#### EXERCISE DESCRIPTION
Set the pictures aside and write down, exactly as they appear, the lines from the one containing "Actuellement en offre" through the end of the material.

══ SUPPLIED DATA

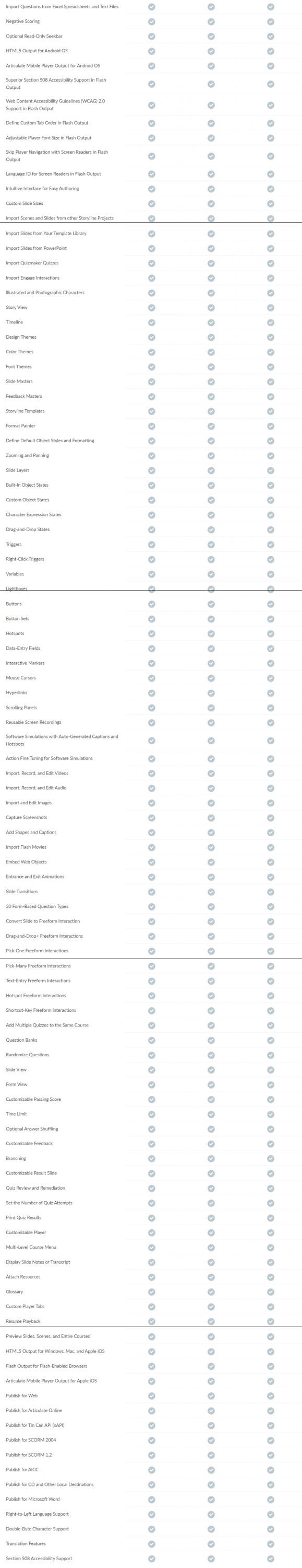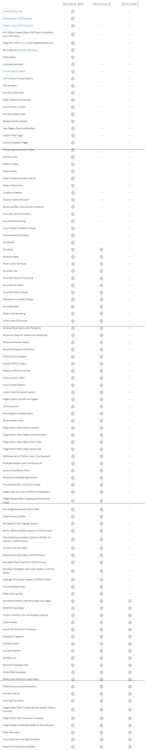 ตารางเปรียบเทียบ โปรแกรมสร้างสื่อการสอนอินเทอร์แอคทีฟ Articulate ในแต่ละเวอร์ชัน
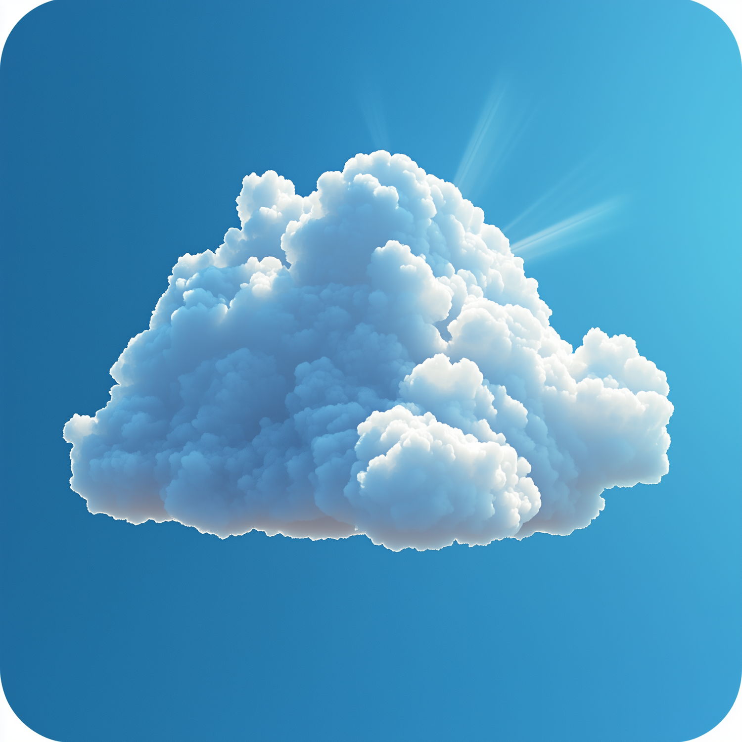 A single fluffy white cloud in a vibrant blue sky with sunlight streaming through, creating a serene and minimalistic scene.
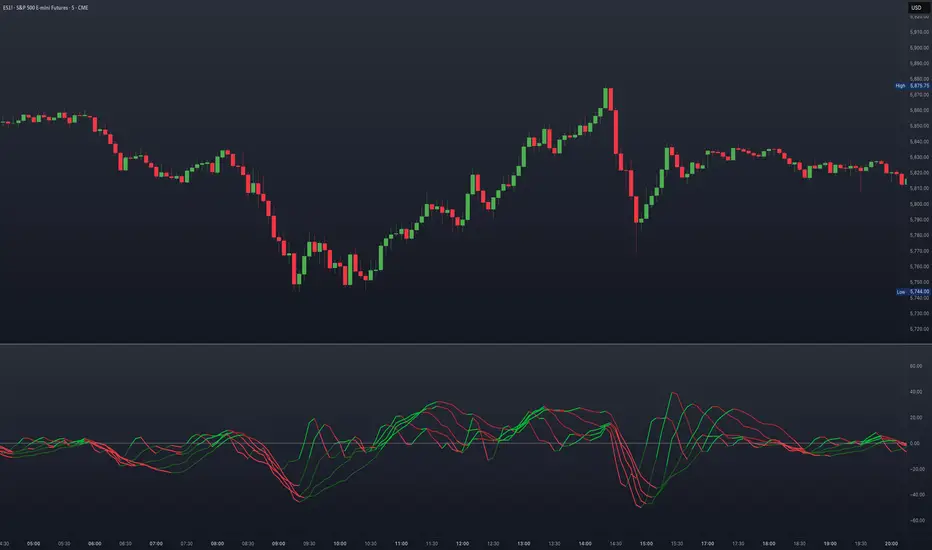 5 customizable timeframe MACD-based oscillators are programmed to give you a heads-up when momentum is rolling over and changing to a new direction by using lower timeframes as a "heads-up" of a potential change. Designed to be used on the 5 minute chart, but can be adapted for higher timeframes as well. Not recommended for charts under 5 minutes. Settings default to those recommended for a 5 in chart: 5, 4, 3, 2, & 1 min oscillators. If using on a higher timeframe, consider starting with the current timeframe and stepping each down from there. Lower timeframe oscillators will begin to roll first. Most multi-timeframe indicators keep watch for conditions on higher timeframes, this one is designed to give you a leg-up in seeing what's happening underneath the price action and squeezes by taking a peak at lower timeframes. Designed to be faster to help you make intra-day day trading decisions.
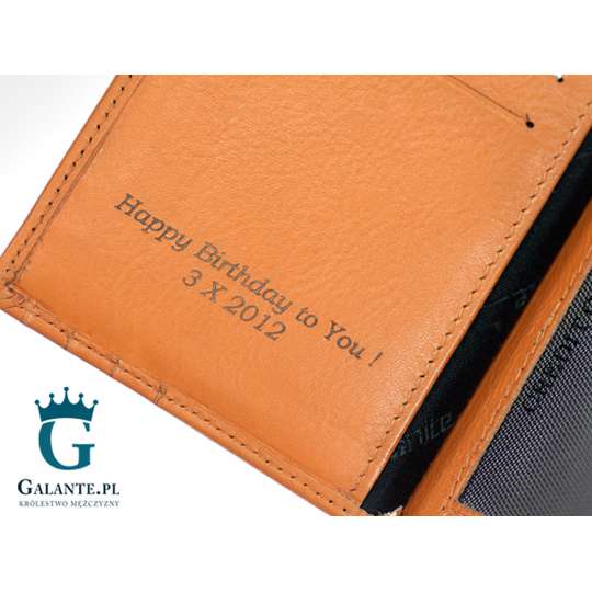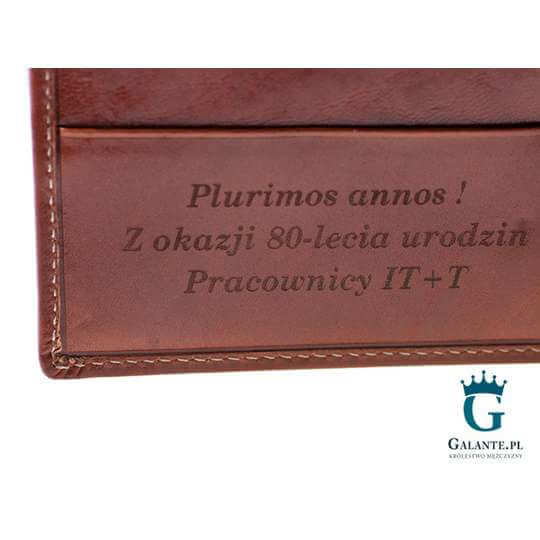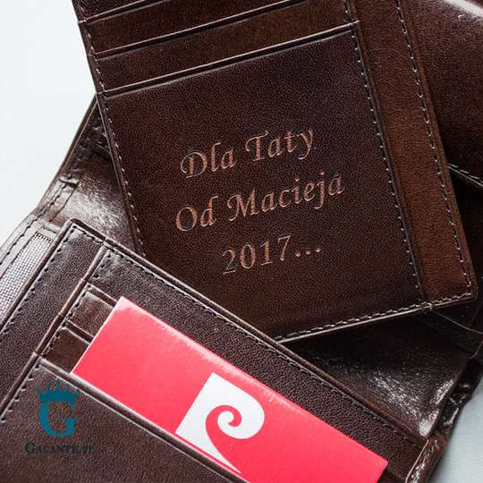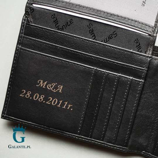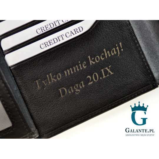 W Galante.pl proponujemy możliwość wykonania graweru laserowego na skórzanych portfelach. Grawer na portfelu ze skóry naturalnej to pomysł na wspaniały prezent nie tylko dla ukochanej osoby czy przyjaciela, ale także na oryginalny gadżet dla firmy. Możesz zamówić dany produkt z logo swojej firmy bądź innym potrzebnym hasłem. Będzie on eleganckim dodatkiem do wizerunku twojej firmy. Portfel, który podarujesz będzie noszonym długo dodatkiem łączącym wysoką jakość produktu wykonanego ze skóry naturalnej ze słowami płynącymi z serca. Będzie przypominał obdarowanemu o tobie i z pewnością będzie prezentem niepowtarzalnym.
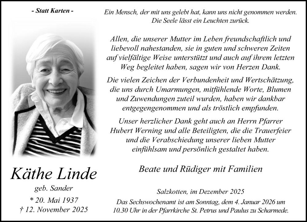 Hier finden Sie alle Traueranzeigen aus der Zeitung, die bisher für Käthe Linde erschienen sind. Weitere Traueranzeigen, die in der Zeitung erscheinen, werden hier ebenfalls aufgelistet
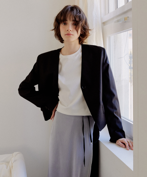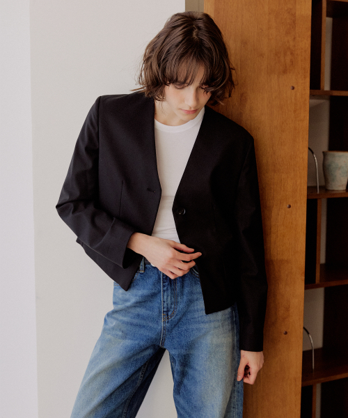 우먼즈 칼라리스 3버튼 크롭 블레이저 [블랙]
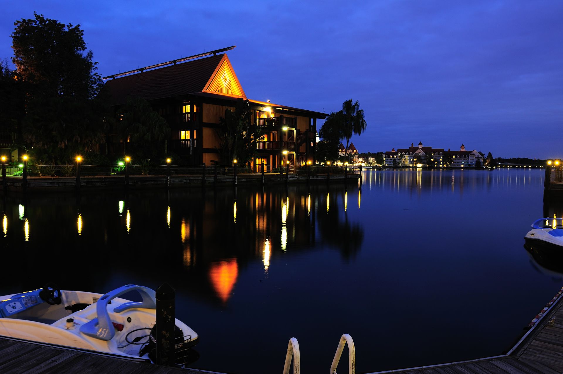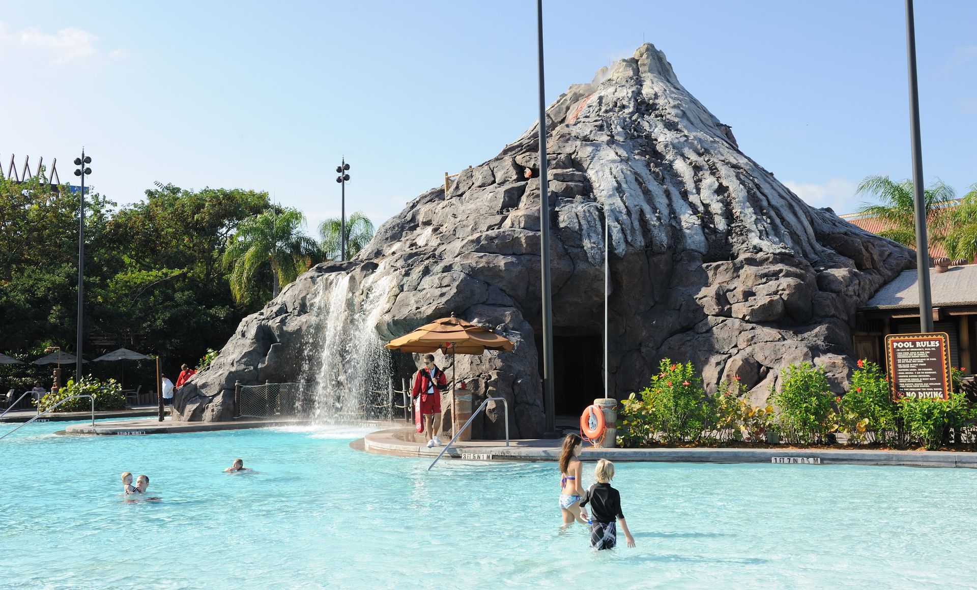 @Daniel, @Bjoern: Das Baden am Strand des Polynesian Resort ist mittlerweile aus Sicherheitsgründen verboten. Nicht aber wegen etwaiger Alligatoren -- das Gewässer ist 100% künstlich, und das Gelände eingezäunt -- sondern wegen des regen Schiffverkehrs: die Lagune teilen sich Fähren, Transferbote aber auch Gäste, die mit gemieteten Booten unterwegs sind. In den Anfangsjahren war das Baden übrigens erlaubt, es gab sogar eine Wellenmaschine, die das Surfen am Polynesian Resort erlaubte. Allerdings war die Erosion der künstlichen Strände zu stark, so dass man die Idee sehr schnell aufgegeben hat.
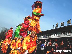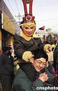 北京城南的春節(jié)廟會(huì)上,山西省大同地區(qū)民間特有的“撓擱”表演吸引無(wú)數(shù)市民追隨觀看。中新社記者:王麗南
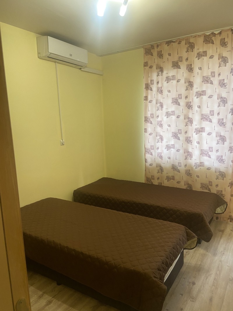 Тих, напълно обзаведен апартамент нa 2 (надпартерен) етаж в нова сгрaда ( въведена в експлоатация 2020г. ). Две спални- всяка от тях с по две легла ( хотелски тип, могат и да се съединят като спалня) остъклена тераса към всяка стая, самостоятелна всекидневна. Намира се зад ФУЛМАКС център. Отдава се под наем дългосрочно (мин. 1 година). Без домашни любимци. За чужденци- изискват се два депозита, предоставяме опция за регистрация За огледи моля позвънете на 0894490114 Мария
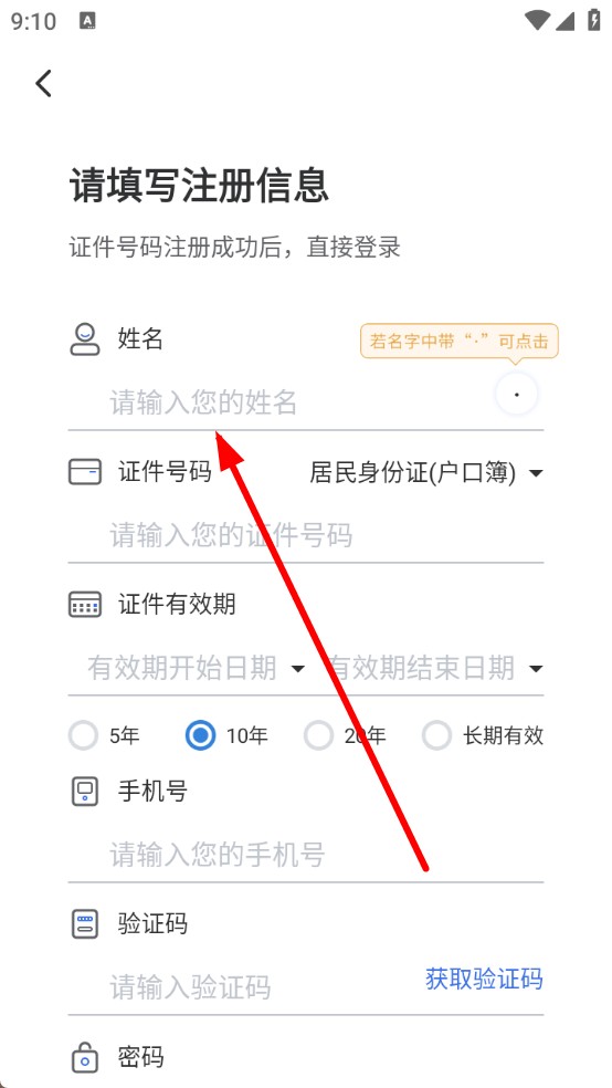 3、在注冊(cè)頁(yè)依次填寫(xiě)姓名、居民身份證號(hào)碼、證件有效期、手機(jī)號(hào),獲取并輸入驗(yàn)證碼,設(shè)置登錄密碼,完成信息提交。
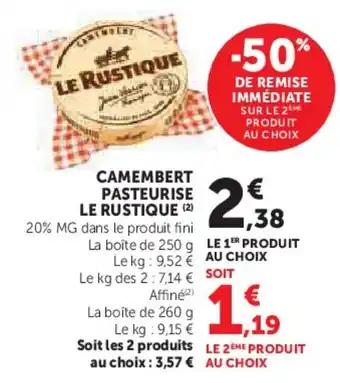 Actuellement en offre chez Hyper U : Camembert pasteurise le rustique ✅ Valable du 17-03 au 29-03.
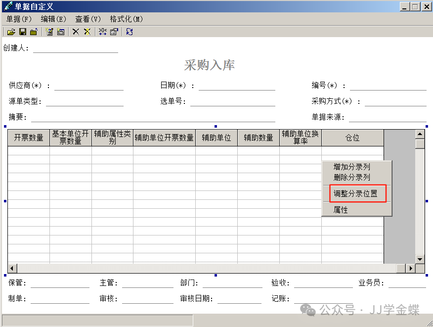 5、接下来我们设置新增分录列的属性(名称及取数来源); a、在采购入库单表体鼠标右键点击“属性”,找到新增的分录列;
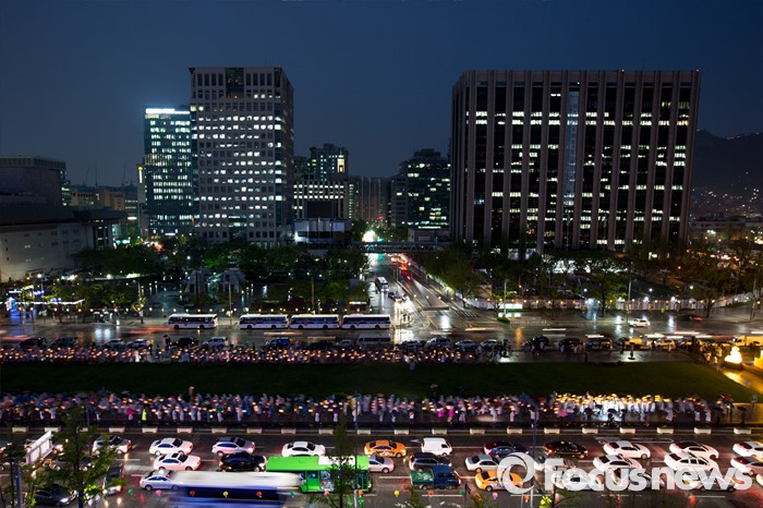 | △ 연등 들고 광화문 광장 도는 불자들 |
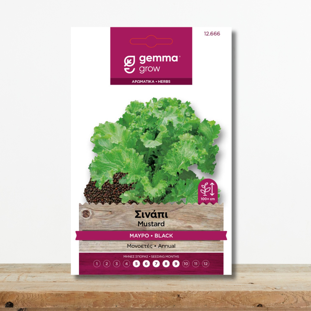 Μονοετές φυτό με εδώδιμα φύλλα και σπόρους, ιδανικό για την παρασκευή μαύρης μουστάρδας και πικάντικες σαλάτες.

════

#### RESPONSE TO THE EXERCISE
 Actuellement en offre chez Hyper U : Camembert pasteurise le rustique ✅ Valable du 17-03 au 29-03.
 5、接下来我们设置新增分录列的属性(名称及取数来源); a、在采购入库单表体鼠标右键点击“属性”,找到新增的分录列;
 | △ 연등 들고 광화문 광장 도는 불자들 |
 Μονοετές φυτό με εδώδιμα φύλλα και σπόρους, ιδανικό για την παρασκευή μαύρης μουστάρδας και πικάντικες σαλάτες.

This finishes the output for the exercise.